_About this task_
Could you transcribe every record below exactly, leaving out any pictures?

Data entries:

--*--

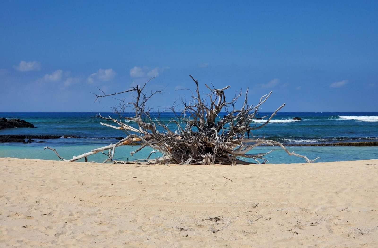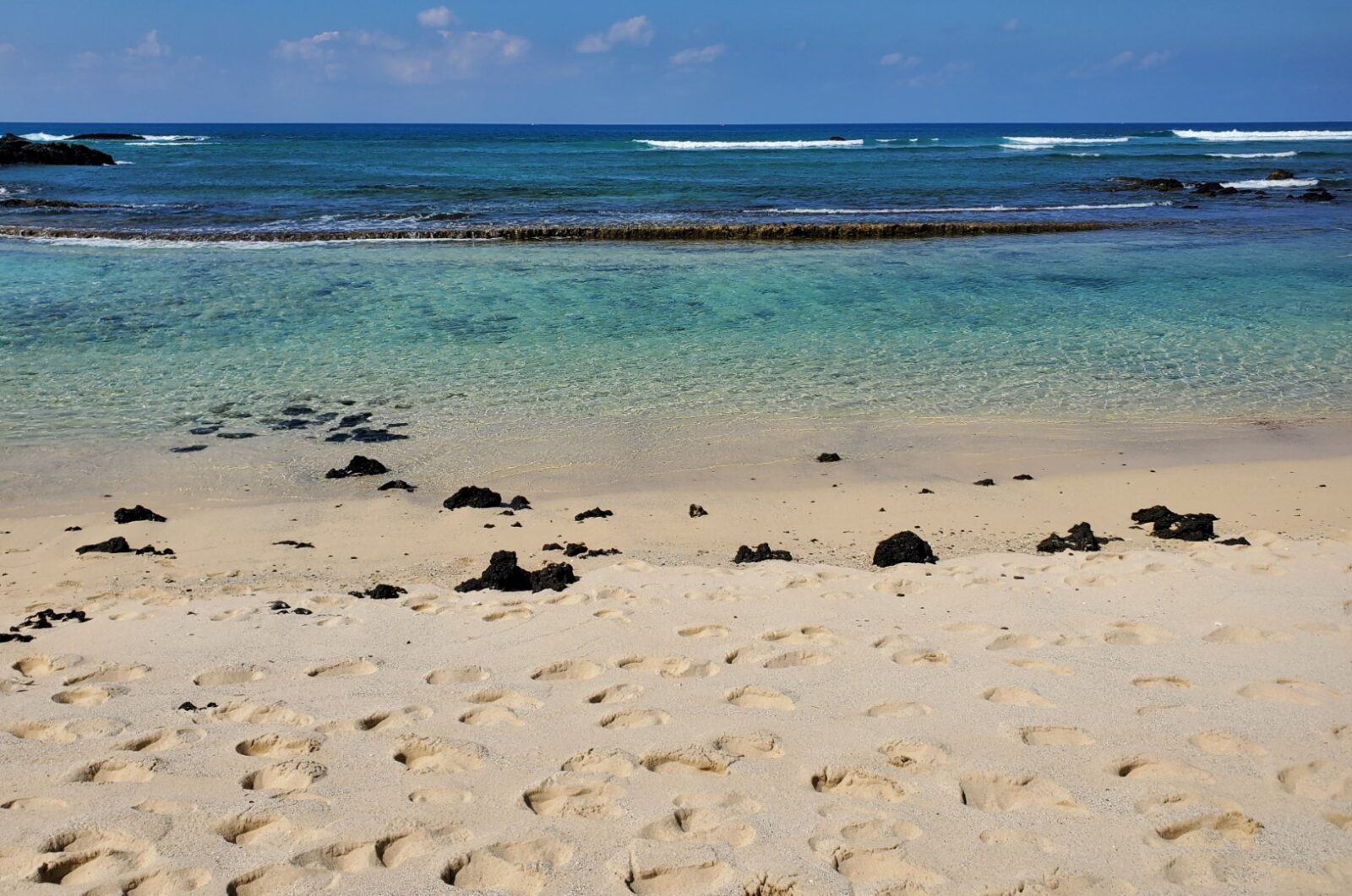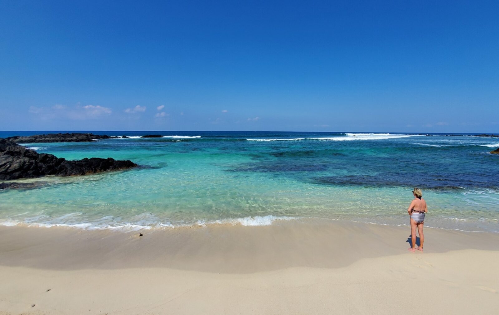 Makalawena Beach is one of those harder to reach beaches on the Big Island, but unlike most of the others, this one gets talked about by out of state visitors. The reason is because this is a truly special beach. It’s worth a walk of about a mile across a dry lava field on loose sharp rocks that absorb heat from the sun. Folks will bring all they need for the day to stay a long time and enjoy this amazing location.
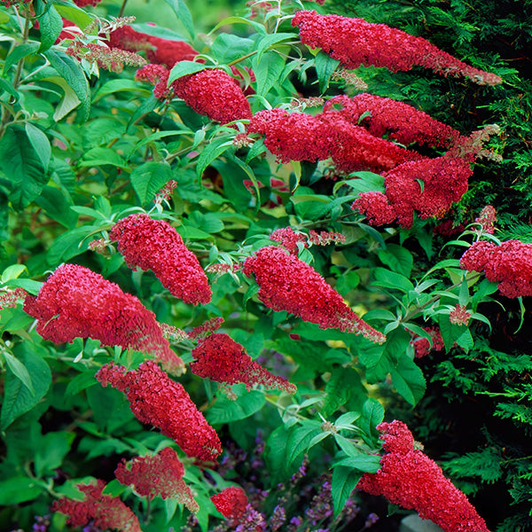 Royal Red bursts into bloom in early summer with deep magenta flower spikes measuring up to 14 inches in length. Commonly known as a butterfly bush. this season-long performer boasts gracefully arching stems. shimmering gray-green foliage. and a sweet honey-like aroma. Royal Red performs throughout the hot summer months. tolerates drought conditions. and draws in pollinators of all types.
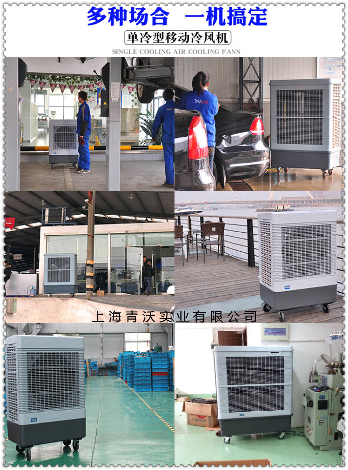 4.特别适合固定工位降温、流动性工作岗位降温、设备检修流动降温、仓储搬运工作降温、室外临时工作降温等需要移动使用的场所,
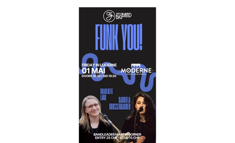 Mit von der Partie ist die Multiinstrumentalistin, Komponistin und Improvisatoren Charlotte Lang, musizierend im Swiss Jazz Orchestra, dem Basel Jazz Orchestra sowie ihrer eigenen Band, der Charlotte Lang Group u.v.a.m. Sie wird mit der Funkyou Bigband als Alt- und Baritonsaxophonistin in neue musikalische Sphären vordringen: Zum einen wird im Mai 2026 der satte und groovende Klangkörper der Funkyou Bigband um ihre klanglich vielseitige und weltoffene Jazzsprache ergänzt. Zum anderen werden einige von Langs Kompositionen eigens für die Konzerte in Luzern und Sursee arrangiert und aufgeführt.
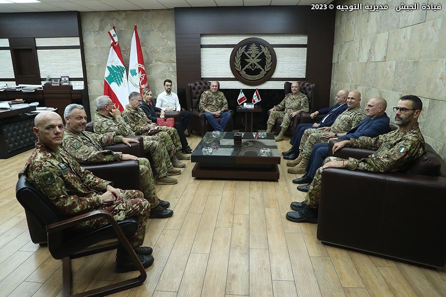 استقبل قائد الجيش العماد جوزيف عون في مكتبه في اليرزة وزير الدفاع الإيطالي Guido CROSETTO ترافقه السفيرة الإيطالية في لبنان السيدة Nicoletta BOMBARDIERE مع وفد مرافق، وتناول البحث الأوضاع العامة في البلاد والتطورات على الحدود الجنوبية.
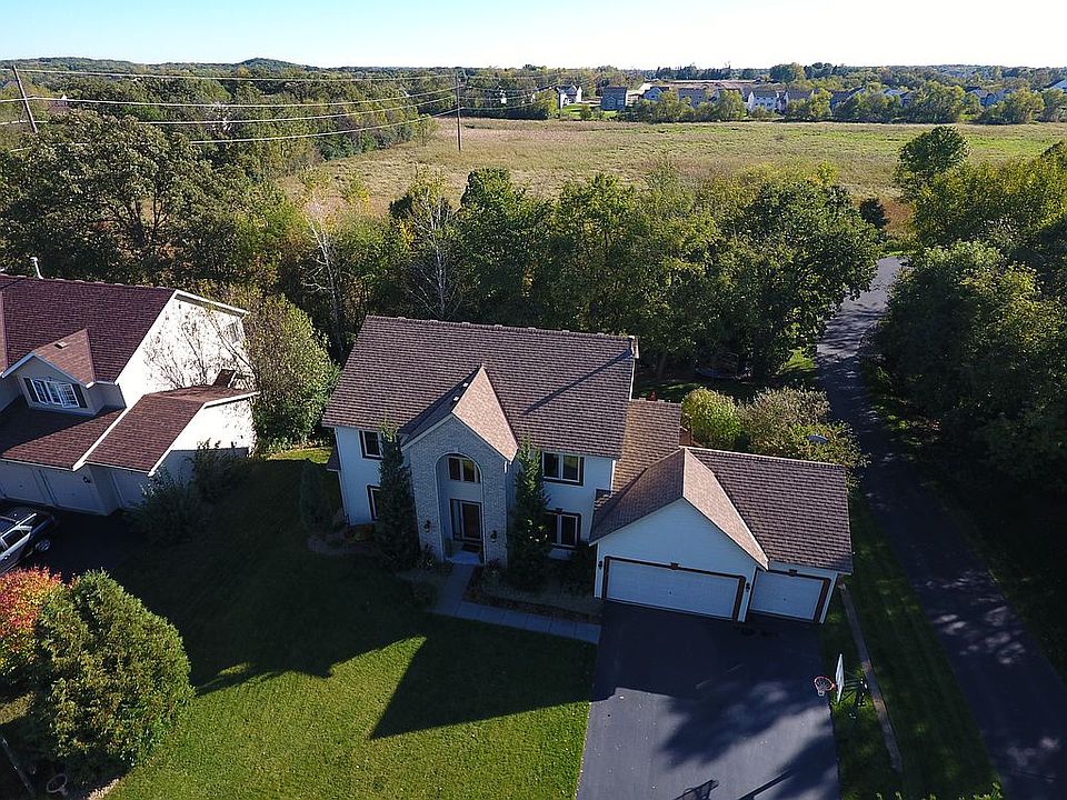 FABULOUS 2 story home on a gorgeous yard! .65 acres backs to wetland - PRIVACY to enjoy screen porch and hot tub, fire pit and playhouse. LL recently finished - family & play area, large Maple wet bar with wine/beer fridges and mini fridge, microwave and built in buffet. Two fireplaces, hardwood floors, main floor office with loads of built ins, den/formal dining. Open floor plan, oak & maple finishes. LL guest room/office and 3/4 bath. 3 bedrooms up all with w/in closets.
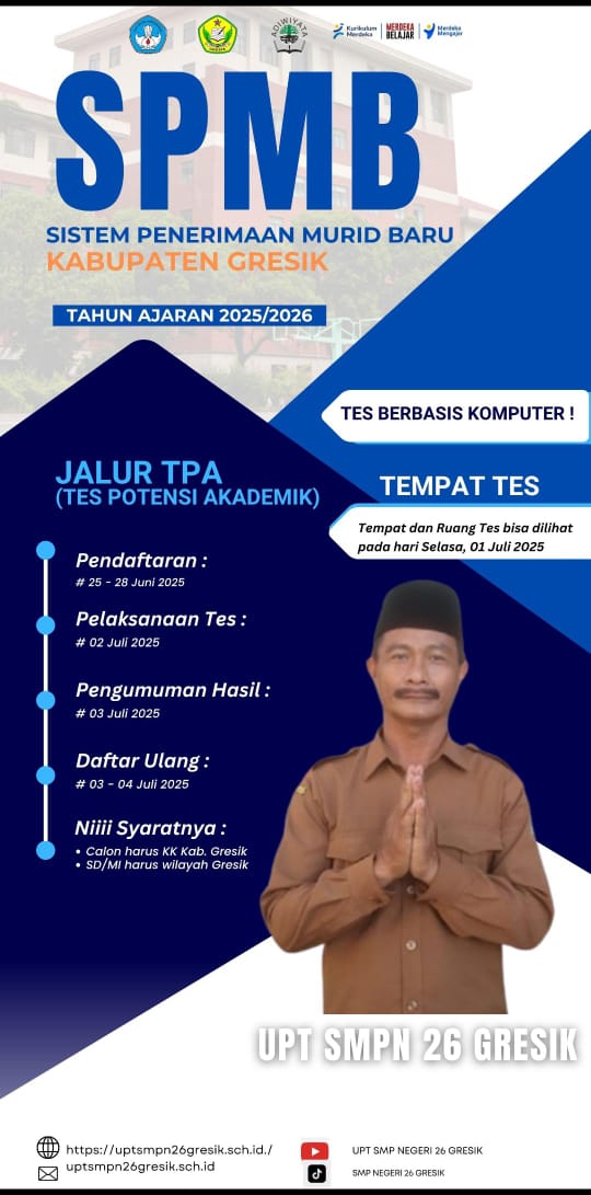 Berikut adalah informasi penting terkait SPMB Tahun Ajaran 2025/2026 , kami dengan penuh semangat siap menyambut generasi baru yang akan bergabung dengan keluarga besar UPT SMPN 26 Gresik. Jangan lewatkan kesempatan ini untuk menjadi bagian dari sekolah yang berkomitmen pada pendidikan berkualitas dan pengembangan karakter. Terus pantau informasi lebih lanjut untuk detail pendaftaran, syarat, dan prosedur penerimaan. Mari bersama-sama mewujudkan masa depan yang cerah!.
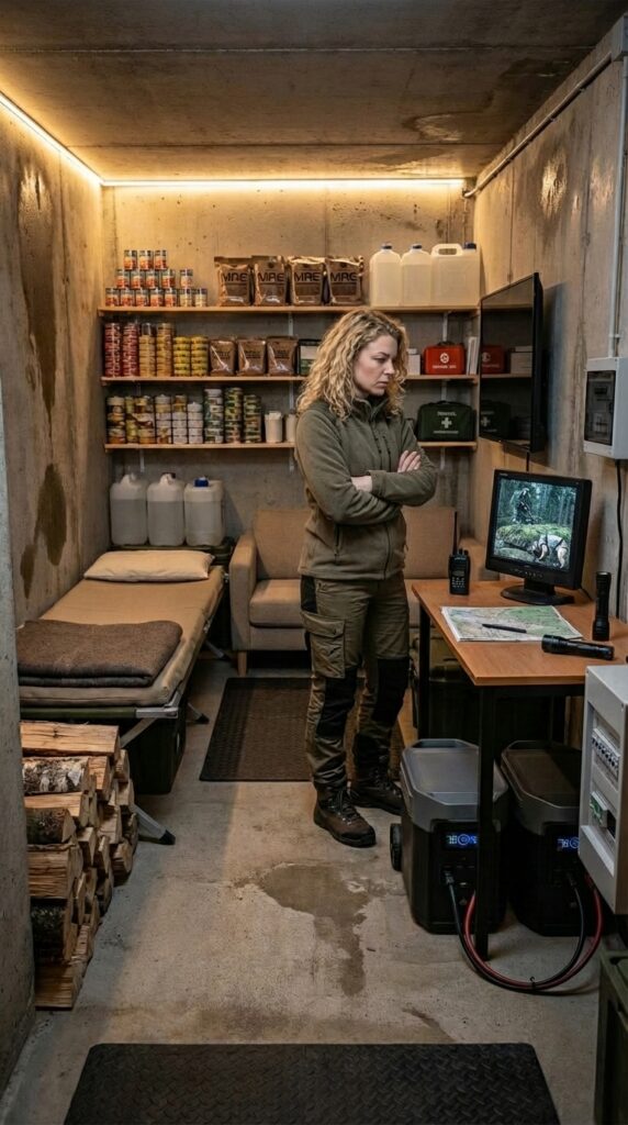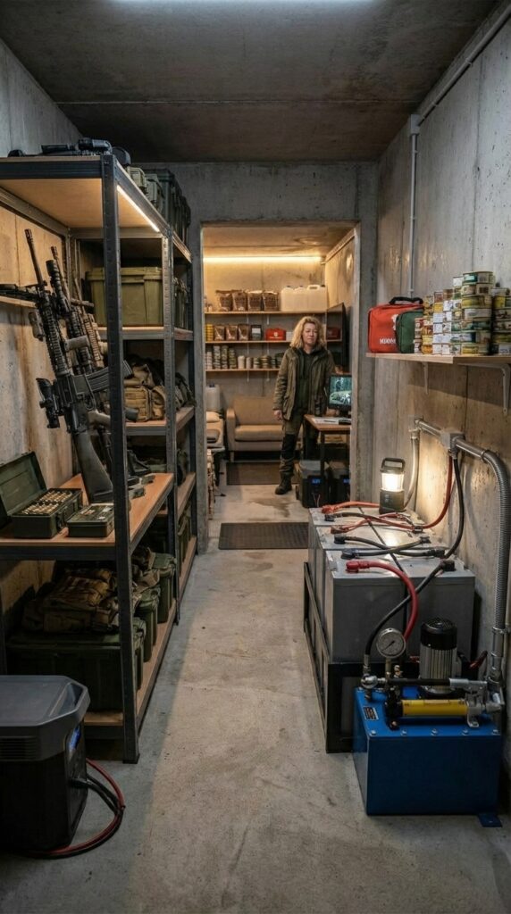 Shelving along the walls is stocked with essential supplies — preserved food, water containers, and medical kits — ensuring long-term sustainability without the need to leave the shelter. The setup supports a fully off-grid lifestyle, where everything needed is within reach.
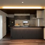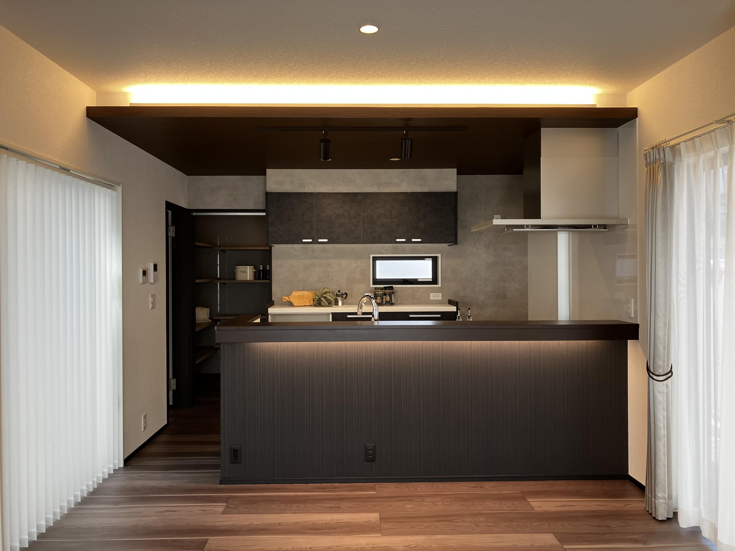 ホテルライクなキッチンスペース。奥にはパントリーも設計。
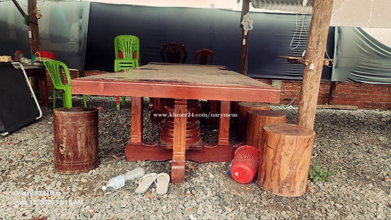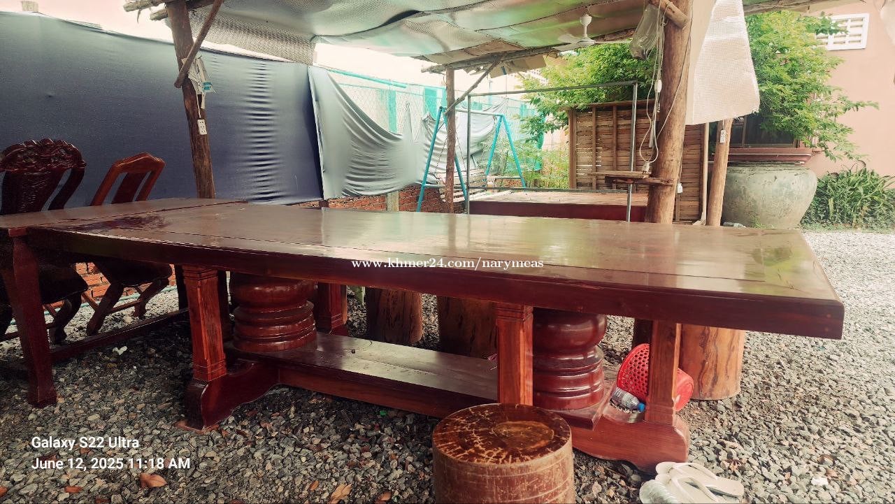 តុបាយ ឈើគគីរ បណ្តោយ៣ម៉ែត្រ ទទឹង១ម៉ែត្រ កម្រាស់១តឹក 600$ ថែមកៅអី ៥ តុបាយ ឈើសុក្រំ បណ្តោយ 3ម៉ែត្រ ទទឹង១.២ម៉ែត្រ កម្រាស់១តឹក 1600$ ថែមកៅអីមូល ៥ ដឹកជូនដល់ទីតាំង

--*--

_Response to the task_
 Makalawena Beach is one of those harder to reach beaches on the Big Island, but unlike most of the others, this one gets talked about by out of state visitors. The reason is because this is a truly special beach. It’s worth a walk of about a mile across a dry lava field on loose sharp rocks that absorb heat from the sun. Folks will bring all they need for the day to stay a long time and enjoy this amazing location.
 Royal Red bursts into bloom in early summer with deep magenta flower spikes measuring up to 14 inches in length. Commonly known as a butterfly bush. this season-long performer boasts gracefully arching stems. shimmering gray-green foliage. and a sweet honey-like aroma. Royal Red performs throughout the hot summer months. tolerates drought conditions. and draws in pollinators of all types.
 4.特别适合固定工位降温、流动性工作岗位降温、设备检修流动降温、仓储搬运工作降温、室外临时工作降温等需要移动使用的场所,
 Mit von der Partie ist die Multiinstrumentalistin, Komponistin und Improvisatoren Charlotte Lang, musizierend im Swiss Jazz Orchestra, dem Basel Jazz Orchestra sowie ihrer eigenen Band, der Charlotte Lang Group u.v.a.m. Sie wird mit der Funkyou Bigband als Alt- und Baritonsaxophonistin in neue musikalische Sphären vordringen: Zum einen wird im Mai 2026 der satte und groovende Klangkörper der Funkyou Bigband um ihre klanglich vielseitige und weltoffene Jazzsprache ergänzt. Zum anderen werden einige von Langs Kompositionen eigens für die Konzerte in Luzern und Sursee arrangiert und aufgeführt.
 استقبل قائد الجيش العماد جوزيف عون في مكتبه في اليرزة وزير الدفاع الإيطالي Guido CROSETTO ترافقه السفيرة الإيطالية في لبنان السيدة Nicoletta BOMBARDIERE مع وفد مرافق، وتناول البحث الأوضاع العامة في البلاد والتطورات على الحدود الجنوبية.
 FABULOUS 2 story home on a gorgeous yard! .65 acres backs to wetland - PRIVACY to enjoy screen porch and hot tub, fire pit and playhouse. LL recently finished - family & play area, large Maple wet bar with wine/beer fridges and mini fridge, microwave and built in buffet. Two fireplaces, hardwood floors, main floor office with loads of built ins, den/formal dining. Open floor plan, oak & maple finishes. LL guest room/office and 3/4 bath. 3 bedrooms up all with w/in closets.
 Berikut adalah informasi penting terkait SPMB Tahun Ajaran 2025/2026 , kami dengan penuh semangat siap menyambut generasi baru yang akan bergabung dengan keluarga besar UPT SMPN 26 Gresik. Jangan lewatkan kesempatan ini untuk menjadi bagian dari sekolah yang berkomitmen pada pendidikan berkualitas dan pengembangan karakter. Terus pantau informasi lebih lanjut untuk detail pendaftaran, syarat, dan prosedur penerimaan. Mari bersama-sama mewujudkan masa depan yang cerah!.
 Shelving along the walls is stocked with essential supplies — preserved food, water containers, and medical kits — ensuring long-term sustainability without the need to leave the shelter. The setup supports a fully off-grid lifestyle, where everything needed is within reach.
 ホテルライクなキッチンスペース。奥にはパントリーも設計。
 តុបាយ ឈើគគីរ បណ្តោយ៣ម៉ែត្រ ទទឹង១ម៉ែត្រ កម្រាស់១តឹក 600$ ថែមកៅអី ៥ តុបាយ ឈើសុក្រំ បណ្តោយ 3ម៉ែត្រ ទទឹង១.២ម៉ែត្រ កម្រាស់១តឹក 1600$ ថែមកៅអីមូល ៥ ដឹកជូនដល់ទីតាំង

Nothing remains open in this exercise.